Yambo Code Webinar: Highlights and Insights



The third webinar of the MaX series on Flagship codes entitled “Quasiparticle Band Structures and Excitons in Novel Materials using the Yambo Code” was held last 16th June, focusing on the capabilities and features of the Yambo code tools for excited states calculations with a particular focus on quasi-particle band structures and excitons in novel materials.

As the MaX European Centre of Excellence is working to prepare Yambo (an open-source project aimed at studying excited state properties of condensed matter systems from first principles using many-body methods) for the forthcoming pre- and exascale machine, this webinar was significantly relevant and comprehensive in providing:

  • A broad view of the Yambo code, where to get it from and how to use it.
  • Update of the status of the GPU version and outline of roadmap for its future evolution.
  • A basic set of instructions on how to tune and use the code efficiently on these new HPC systems.

 

The webinar was moderated by Daniele Varsano, MaX training coordinator and currently a research scientist at CNR, who provided the key focus in MaX and an overview of the webinar focusing on Yambo code.

The first key speaker was Dr. Andrea Marini, a coordinator of the ab-initio Yambo project and head of the Division of Ultrafast Processes in Materials (FLASHit) of the CNR-ISM, who briefly illustrated and introduced the Yambo ecosystems in educational and user support.

The second speaker was Prof. Maurizia Palummo, an associate professor of Theoretical Condensed Matter Physics at the University of Rome “Tor Vergata”, who provided a series of examples, hints and tips on how to perform calculations of Quasi-particles and excitons using Yambo.

The third speaker was Dr. Myrta Grüning, a senior Lecturer at Queen’s University Belfast and one of the developers of the Yambo codes, who illustrated some new features of the Yambo code basing it in real-time simulations that allow us to go beyond non-linear optical spectroscopy.

The final presentation was given by Dr. Andrea Ferretti, the co-PI of the MaX project, a developer of scientific software (Yambo and Quantum ESPRESSO) and currently a senior researcher at CNR, who presented Yambo at HPC, how to run Yambo and how it performs in HPC running in parallel on GPUs.

Key takeaways

The MaX webinar was a real asset when it comes to extending the reach across a wider pool of stakeholders, with 185 online participants (245 registered participants) and 97 live questions coming from our audience. Participants came from 44 countries: 21 EU Member States and 22 Non-EU/global. For the EU, Italy was by far the most represented country, followed by France, the United Kingdom, Spain and Germany.

During the webinar, some live poll-questions were posed to the audience to better understand the participants' average engagement and familiarity of both Yambo code and MaX. The following charts display the main outcomes pulled out from the live poll surveys (responses from 141 out of 185 attendees).
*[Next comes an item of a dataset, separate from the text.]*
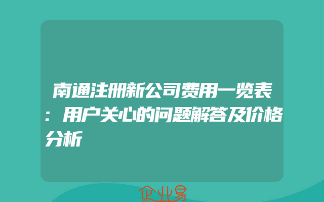 - 南通注册新公司费用一览表:用户关心的问题解答及价格分析
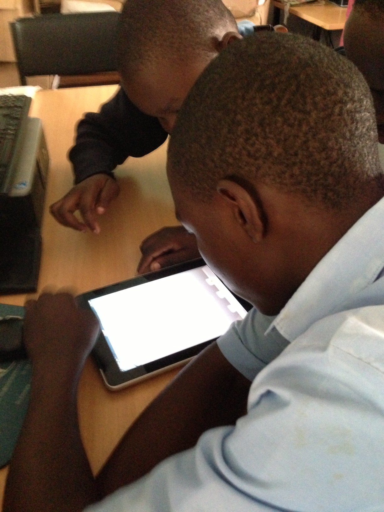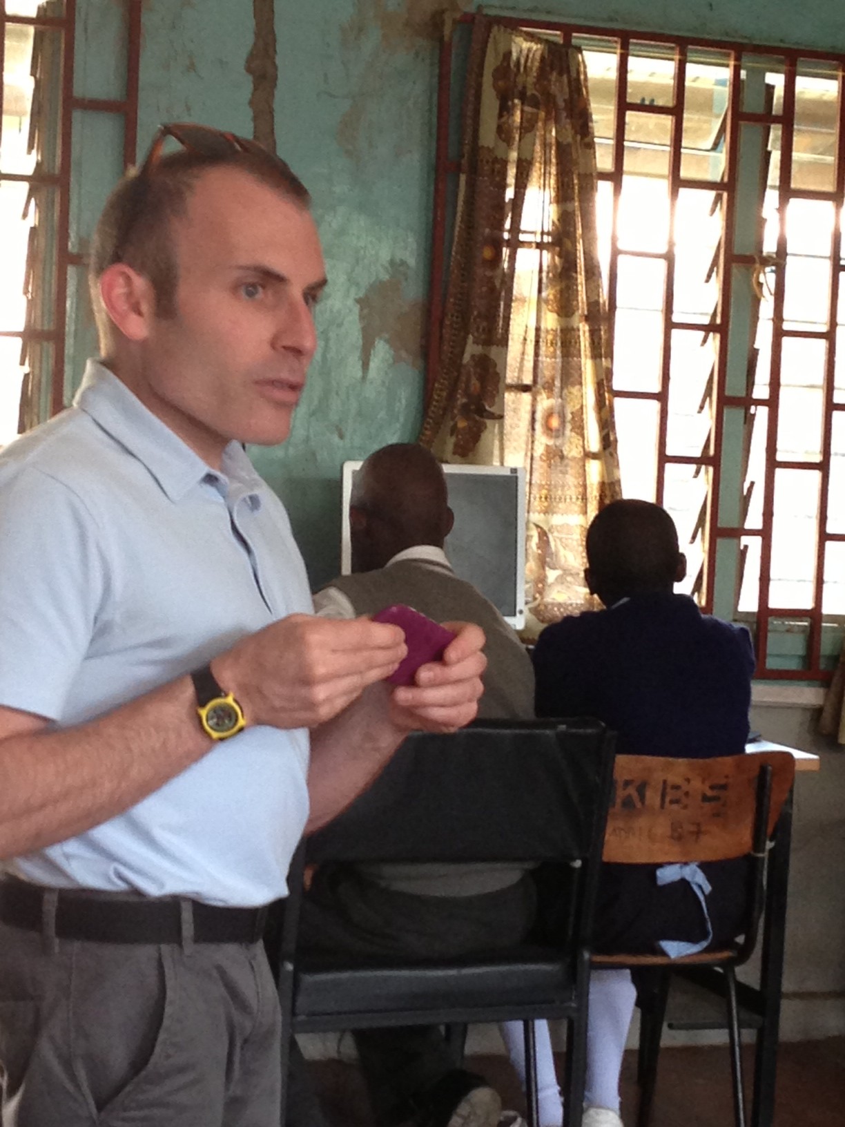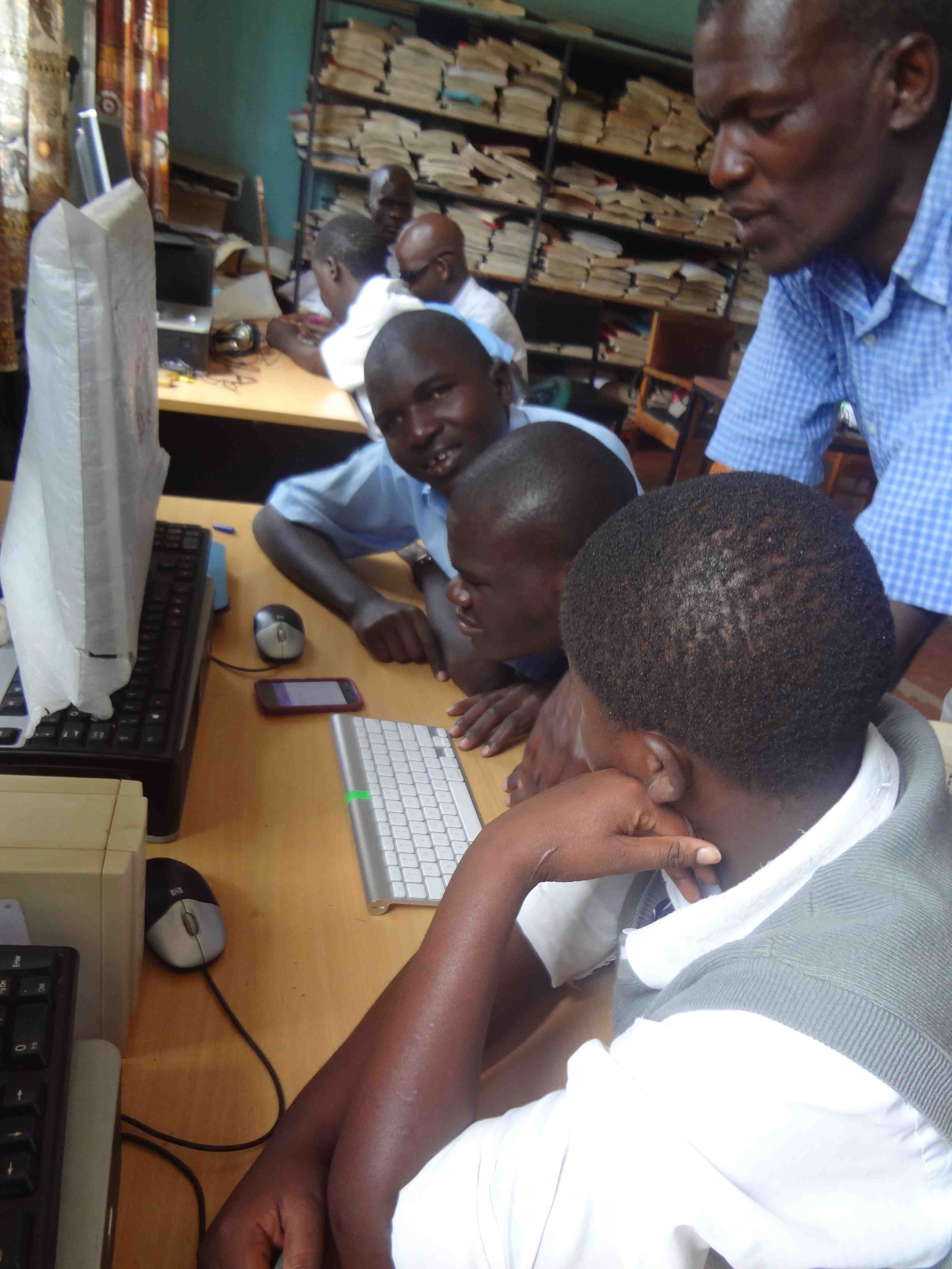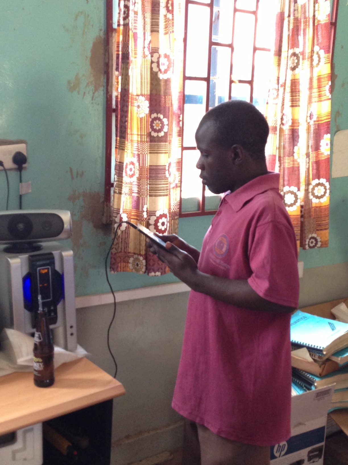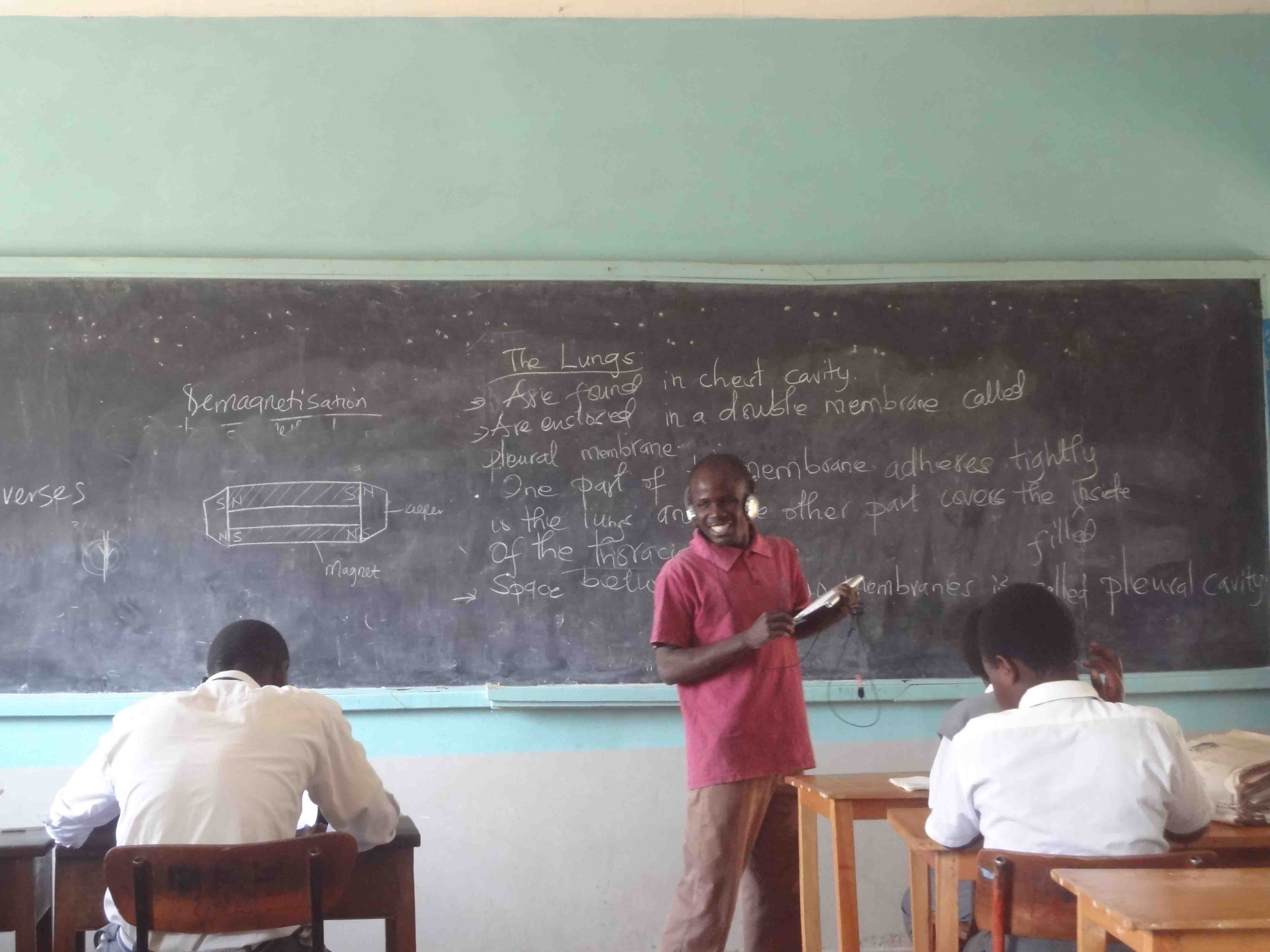 The primary school head teacher and other teachers were shown the equipment and then about 20 students worked with five iOS devices with keyboards to learn some of the capability. Three iPods and one iPad were donated to Kibos to use; the students and teachers were very enthusiastic and are hoping for more equipment to increase access for students to print and written communication. The group also watched Sammy teach a history lesson using his iPad mini with notes he had created outside of class and then listened to during the lesson using his earphones and navigating with his keyboard.

In this webinar, we invited users of electronic structure codes interested in the calculation of excited-states properties, particularly those who plan to start working on modern heterogeneous (accelerated) HPC machines. The majority of the attendees were entry-level (49% respondents), some who had sometimes used many-body perturbation theory (42%) and experienced users (9%) (information from poll question 3).
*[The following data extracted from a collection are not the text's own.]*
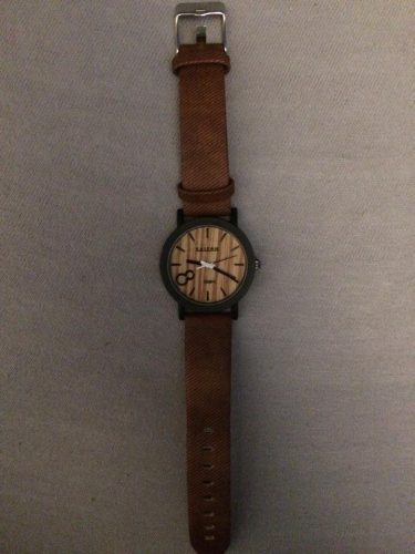 Hnědé hodinky s motivem dřeva a s černým kroužkem kolem ciferníku. Barva zcela odpovídá a také fungují bez toho, aby se opožďovaly.
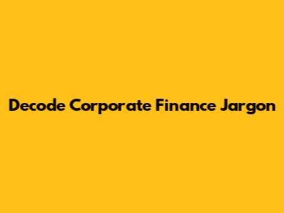 Decode Corporate Finance Jargon
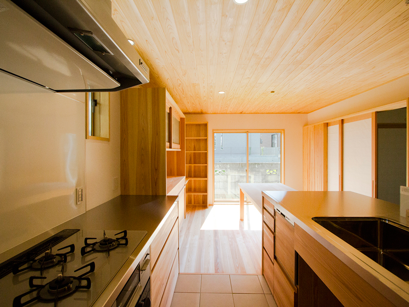 仕上げ材を自然素材に。Ⅱ型の造作キッチンに…。
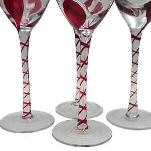 4 pc Pier 1 Red Swirl Line Swirline Stem Wine Glasses 9" high Party Gift
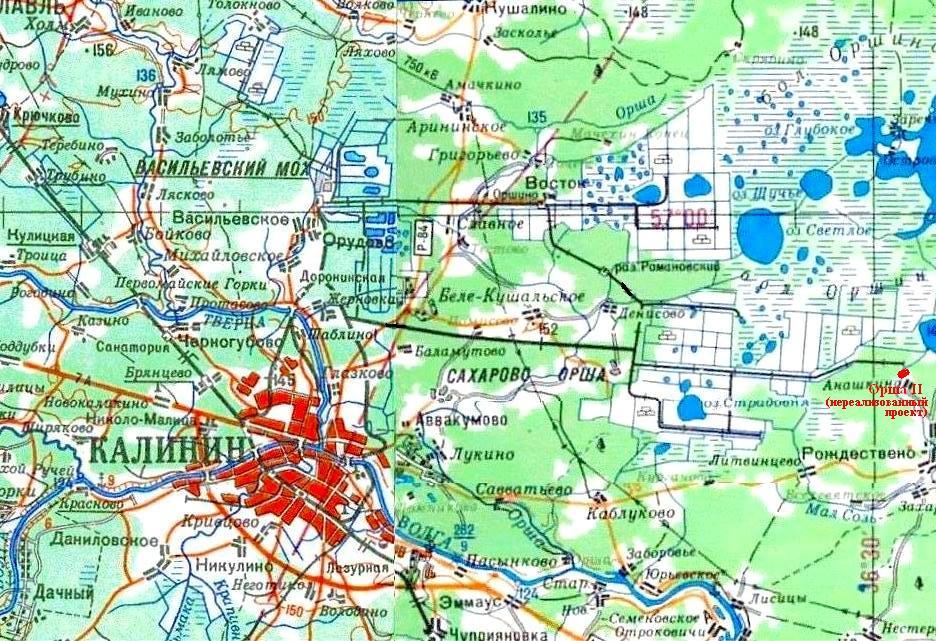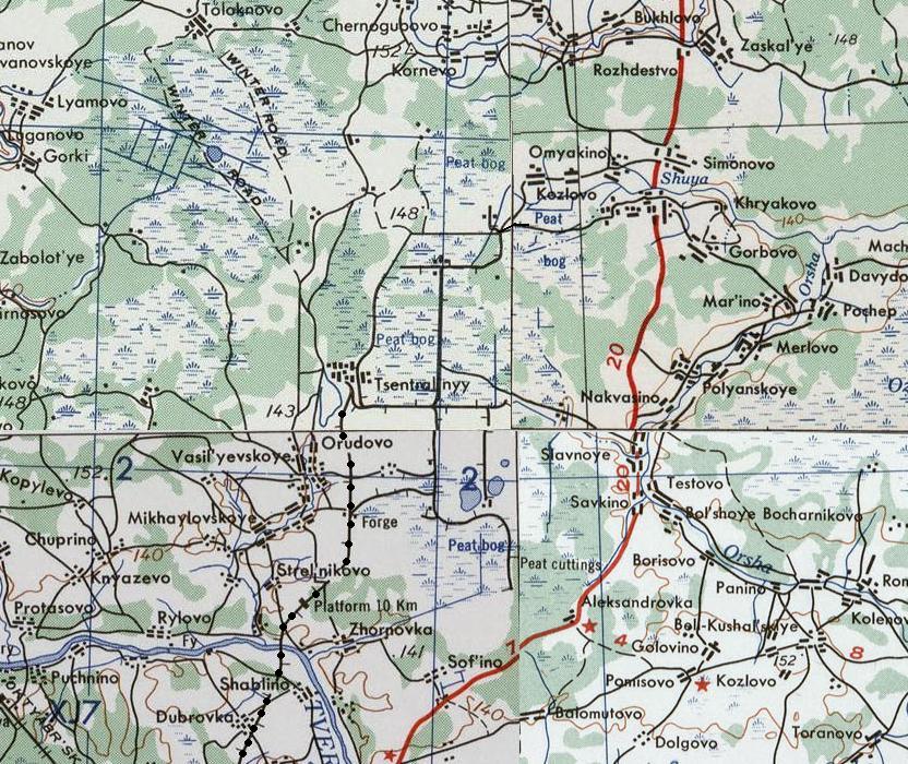 (информация взята в основном из карт, изданных в СССР). Железнодорожная линия широкой колеи

                                                 

In addition, 92% of the respondents were from the field of physics and only 8% were from the chemistry field (poll question 1).
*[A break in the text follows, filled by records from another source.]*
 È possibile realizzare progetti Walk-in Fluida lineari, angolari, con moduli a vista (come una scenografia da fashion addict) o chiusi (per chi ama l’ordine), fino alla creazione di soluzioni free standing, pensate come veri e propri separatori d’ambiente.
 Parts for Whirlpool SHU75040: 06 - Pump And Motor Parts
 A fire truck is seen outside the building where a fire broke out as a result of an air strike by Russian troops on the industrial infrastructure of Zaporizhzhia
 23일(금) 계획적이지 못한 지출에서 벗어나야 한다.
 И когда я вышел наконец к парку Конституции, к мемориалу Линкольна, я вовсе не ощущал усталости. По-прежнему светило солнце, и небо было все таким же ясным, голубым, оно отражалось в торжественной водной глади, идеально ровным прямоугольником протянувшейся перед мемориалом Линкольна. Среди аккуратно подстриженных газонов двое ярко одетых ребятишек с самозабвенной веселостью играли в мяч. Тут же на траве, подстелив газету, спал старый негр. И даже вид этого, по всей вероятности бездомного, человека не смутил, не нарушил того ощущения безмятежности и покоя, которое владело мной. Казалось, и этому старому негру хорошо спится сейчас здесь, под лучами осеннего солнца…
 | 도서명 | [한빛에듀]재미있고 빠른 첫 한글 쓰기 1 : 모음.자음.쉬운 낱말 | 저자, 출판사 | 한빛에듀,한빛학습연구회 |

42% of the respondents were planning to use Yambo code to study layered materials and 26% were for both bulk system and nanostructures, followed by molecules (6%) (result from poll question 2).

61% of the respondents would use Yambo code for GW/BSE, 17% were for mostly GW, 13% were for real-time optics and 9% for other use (from poll question 4).

                                                                        

Insights and tips

The speakers provided some technical insights and opportunities and challenges for Yambo at HPC

  • Yambo code is relevant for excited states calculations, which allows affordability of large systems and better precision in term of convergence,
  • Here are some of the significant opportunities that HPC offers:
    • There will be more and more computational capabilities available (technology disruption);
    • MBPT expresses a significant computational complexity and has the potential to exploit new generation architectures’ hierarchy of methods with improving accuracy;
    • Experience so far has been positive! (Yambo, PWs, pseudopot, PPA).